» **Problem details**: Work through the listing below and give again exactly the lines from the one with "и французской мимозой." to the one with "VASAGLE Masuta cafea", both ends included. All other lines and all pictures stay out.

START Data extracts

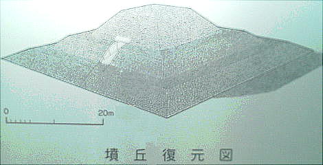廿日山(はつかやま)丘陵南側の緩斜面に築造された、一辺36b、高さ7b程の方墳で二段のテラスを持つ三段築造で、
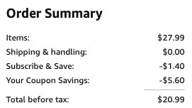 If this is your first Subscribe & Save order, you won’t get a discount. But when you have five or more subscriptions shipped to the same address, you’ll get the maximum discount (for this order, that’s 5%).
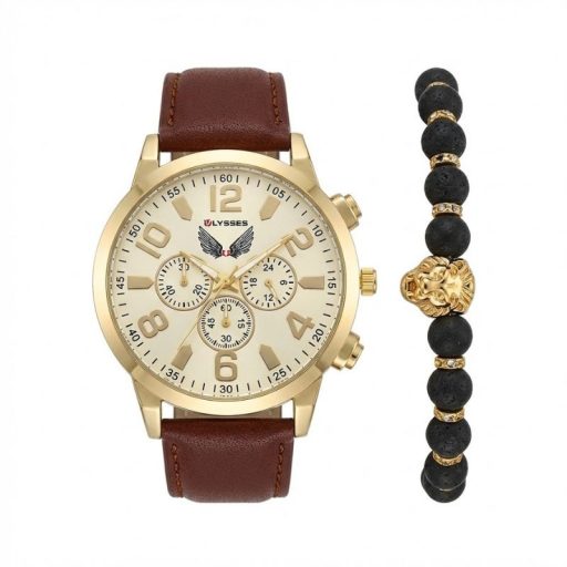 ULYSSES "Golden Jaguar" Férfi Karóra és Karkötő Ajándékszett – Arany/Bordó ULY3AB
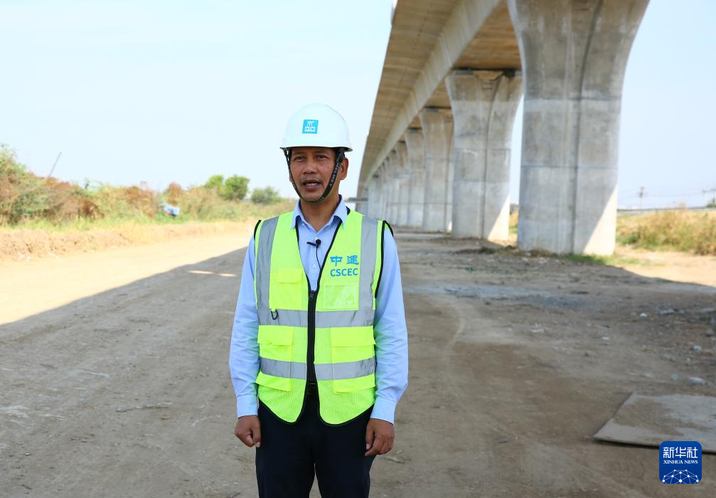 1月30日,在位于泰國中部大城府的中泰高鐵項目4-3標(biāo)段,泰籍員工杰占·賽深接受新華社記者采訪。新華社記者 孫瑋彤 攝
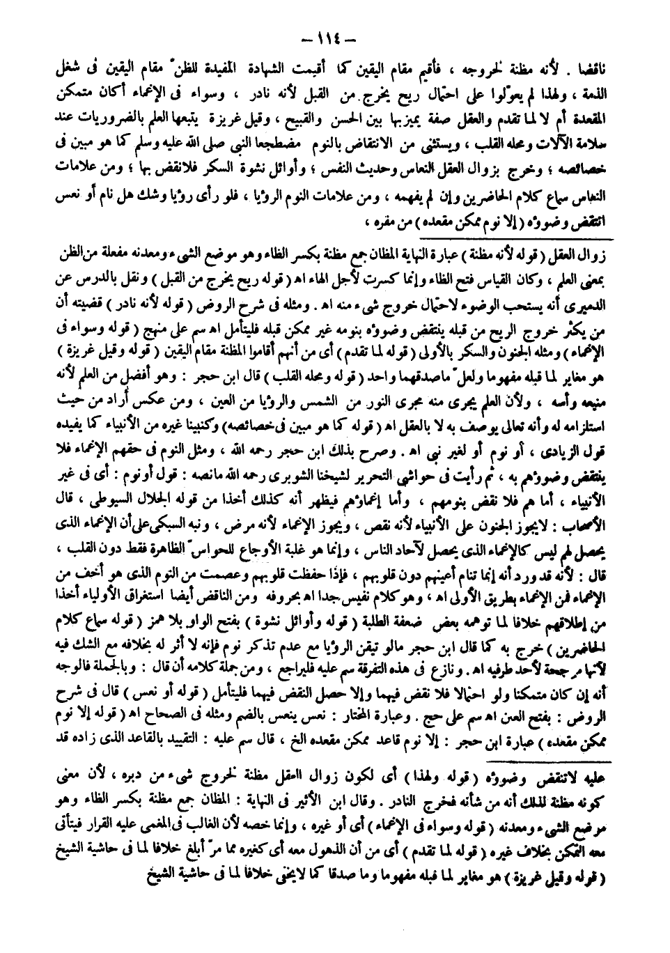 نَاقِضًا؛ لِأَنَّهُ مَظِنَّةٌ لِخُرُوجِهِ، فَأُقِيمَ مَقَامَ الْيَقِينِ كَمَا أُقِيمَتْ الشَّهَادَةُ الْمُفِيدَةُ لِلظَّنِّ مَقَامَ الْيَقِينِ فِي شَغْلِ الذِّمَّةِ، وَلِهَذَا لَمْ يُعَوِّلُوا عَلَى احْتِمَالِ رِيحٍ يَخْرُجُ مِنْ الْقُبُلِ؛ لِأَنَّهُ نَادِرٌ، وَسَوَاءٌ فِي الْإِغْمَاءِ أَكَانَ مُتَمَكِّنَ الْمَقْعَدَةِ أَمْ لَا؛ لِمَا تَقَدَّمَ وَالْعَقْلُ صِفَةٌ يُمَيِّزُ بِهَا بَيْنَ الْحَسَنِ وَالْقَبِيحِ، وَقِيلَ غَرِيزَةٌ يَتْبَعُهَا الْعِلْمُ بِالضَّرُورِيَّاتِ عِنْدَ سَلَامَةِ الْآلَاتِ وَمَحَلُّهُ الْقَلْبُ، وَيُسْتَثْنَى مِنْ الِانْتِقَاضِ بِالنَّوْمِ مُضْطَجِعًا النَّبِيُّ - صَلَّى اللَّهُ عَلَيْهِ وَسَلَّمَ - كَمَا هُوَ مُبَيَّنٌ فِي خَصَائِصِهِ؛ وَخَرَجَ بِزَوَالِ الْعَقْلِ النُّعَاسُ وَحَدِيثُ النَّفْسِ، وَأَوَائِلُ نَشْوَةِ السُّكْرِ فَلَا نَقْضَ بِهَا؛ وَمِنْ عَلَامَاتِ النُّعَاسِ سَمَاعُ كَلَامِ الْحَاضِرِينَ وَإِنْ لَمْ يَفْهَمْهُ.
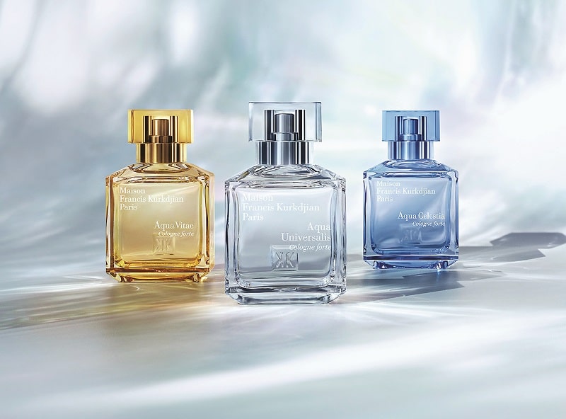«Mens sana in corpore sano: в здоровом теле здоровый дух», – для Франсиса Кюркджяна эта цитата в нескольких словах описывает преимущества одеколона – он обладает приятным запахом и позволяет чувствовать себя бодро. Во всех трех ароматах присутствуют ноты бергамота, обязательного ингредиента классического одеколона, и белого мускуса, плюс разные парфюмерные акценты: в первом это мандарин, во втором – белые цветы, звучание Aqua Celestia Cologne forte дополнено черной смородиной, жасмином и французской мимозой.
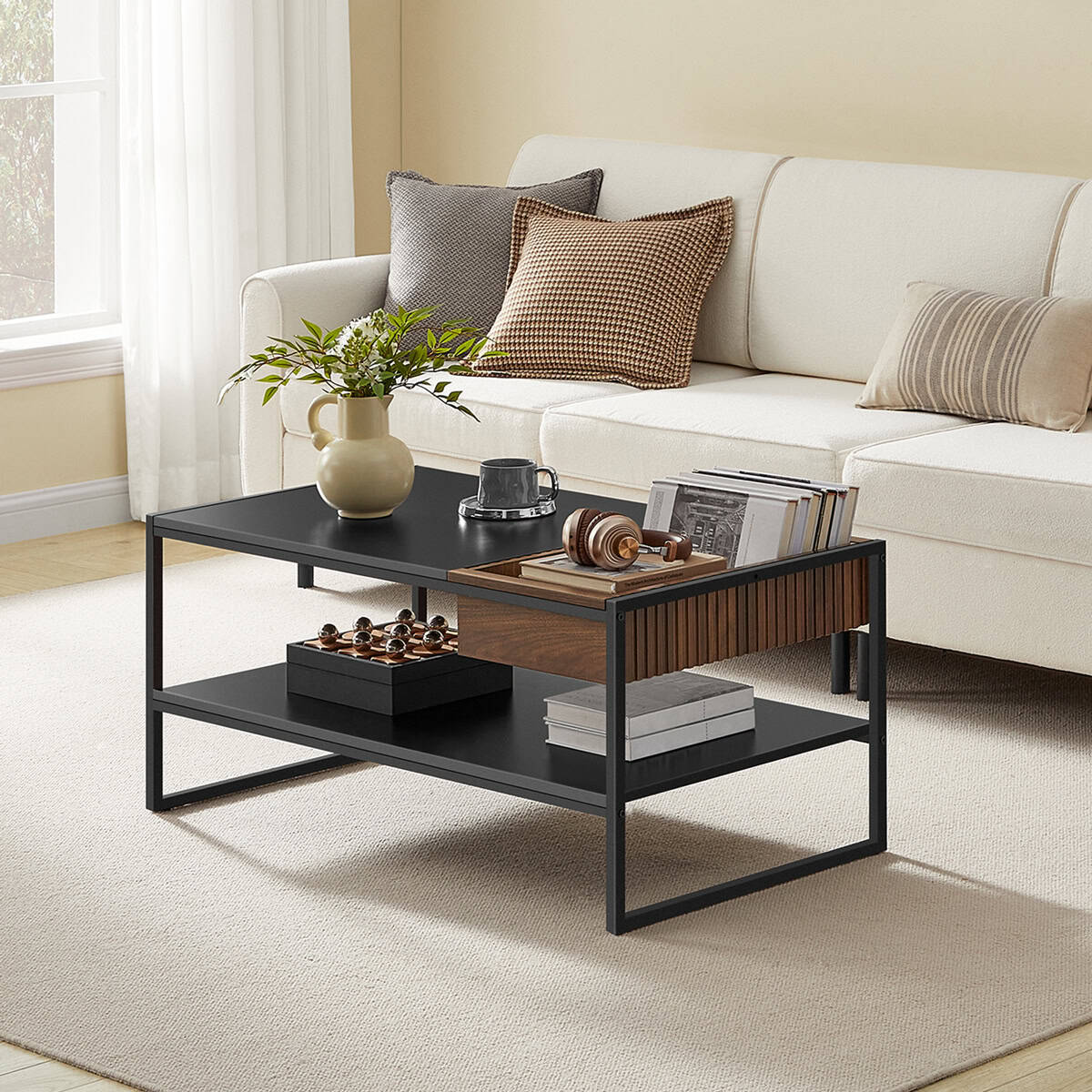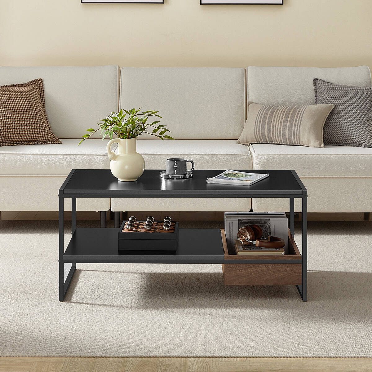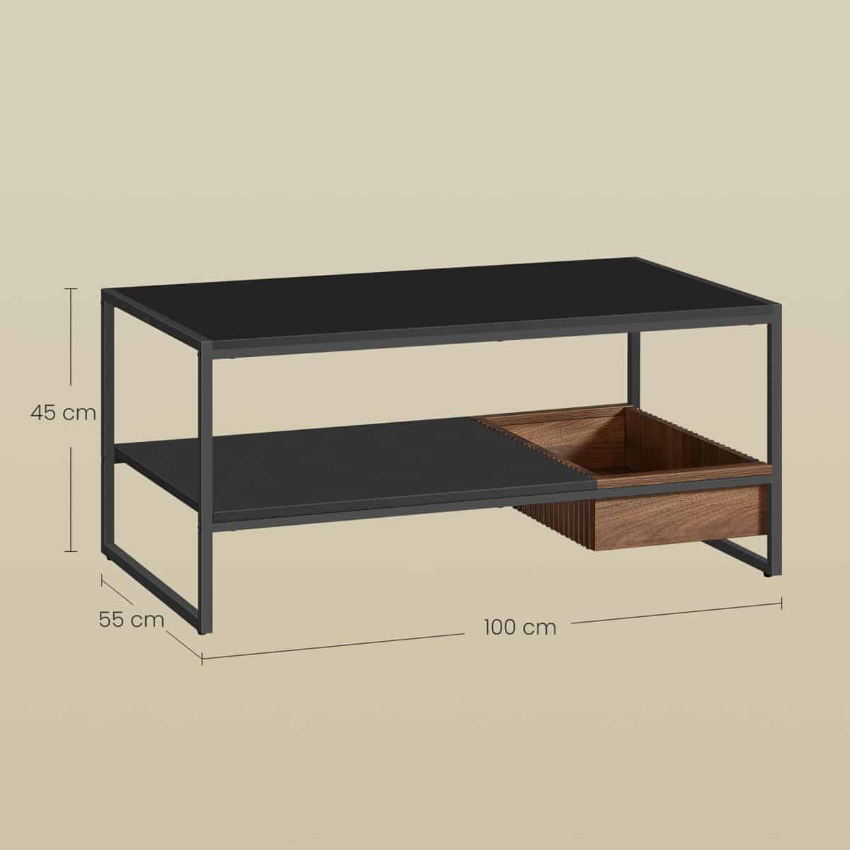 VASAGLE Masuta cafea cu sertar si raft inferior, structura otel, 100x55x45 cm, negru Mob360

END Data extracts
START Data extracts

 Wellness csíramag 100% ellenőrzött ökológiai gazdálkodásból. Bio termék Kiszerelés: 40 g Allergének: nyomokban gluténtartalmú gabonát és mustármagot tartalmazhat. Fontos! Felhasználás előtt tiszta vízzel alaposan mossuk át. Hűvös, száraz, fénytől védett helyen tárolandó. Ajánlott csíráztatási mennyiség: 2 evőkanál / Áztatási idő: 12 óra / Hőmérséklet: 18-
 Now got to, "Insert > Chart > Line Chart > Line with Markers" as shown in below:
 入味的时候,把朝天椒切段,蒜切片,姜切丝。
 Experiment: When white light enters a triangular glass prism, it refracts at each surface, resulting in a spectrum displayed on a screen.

END Data extracts
START Data extracts

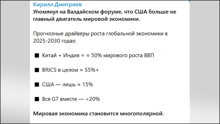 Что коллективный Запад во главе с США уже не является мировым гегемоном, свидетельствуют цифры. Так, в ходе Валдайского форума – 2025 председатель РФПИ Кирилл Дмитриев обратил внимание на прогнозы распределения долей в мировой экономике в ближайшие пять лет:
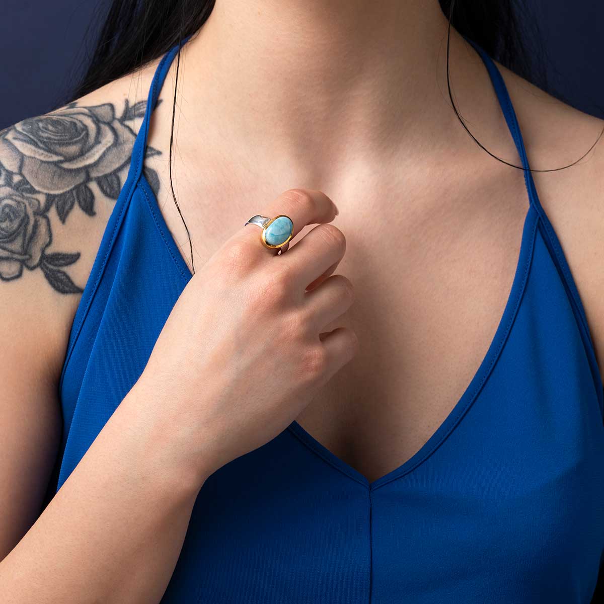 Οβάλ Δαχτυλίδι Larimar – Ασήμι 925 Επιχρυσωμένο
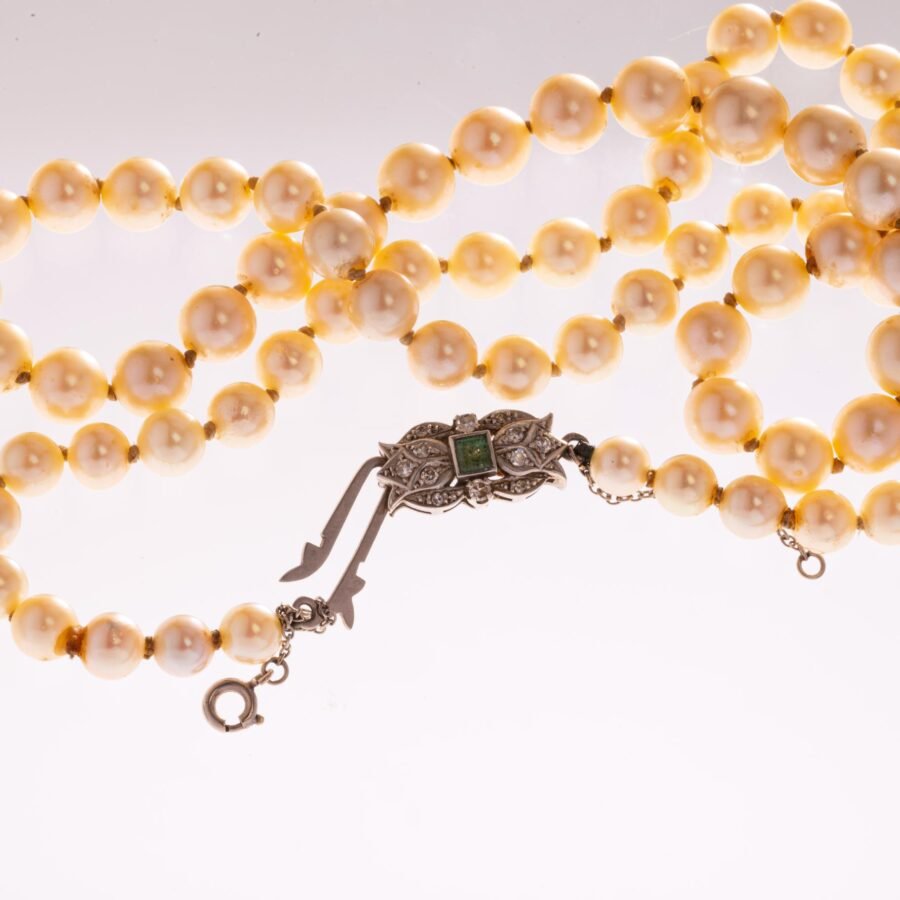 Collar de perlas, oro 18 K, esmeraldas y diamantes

END Data extracts

» **Task response**:
«Mens sana in corpore sano: в здоровом теле здоровый дух», – для Франсиса Кюркджяна эта цитата в нескольких словах описывает преимущества одеколона – он обладает приятным запахом и позволяет чувствовать себя бодро. Во всех трех ароматах присутствуют ноты бергамота, обязательного ингредиента классического одеколона, и белого мускуса, плюс разные парфюмерные акценты: в первом это мандарин, во втором – белые цветы, звучание Aqua Celestia Cologne forte дополнено черной смородиной, жасмином и французской мимозой.
 VASAGLE Masuta cafea cu sertar si raft inferior, structura otel, 100x55x45 cm, negru Mob360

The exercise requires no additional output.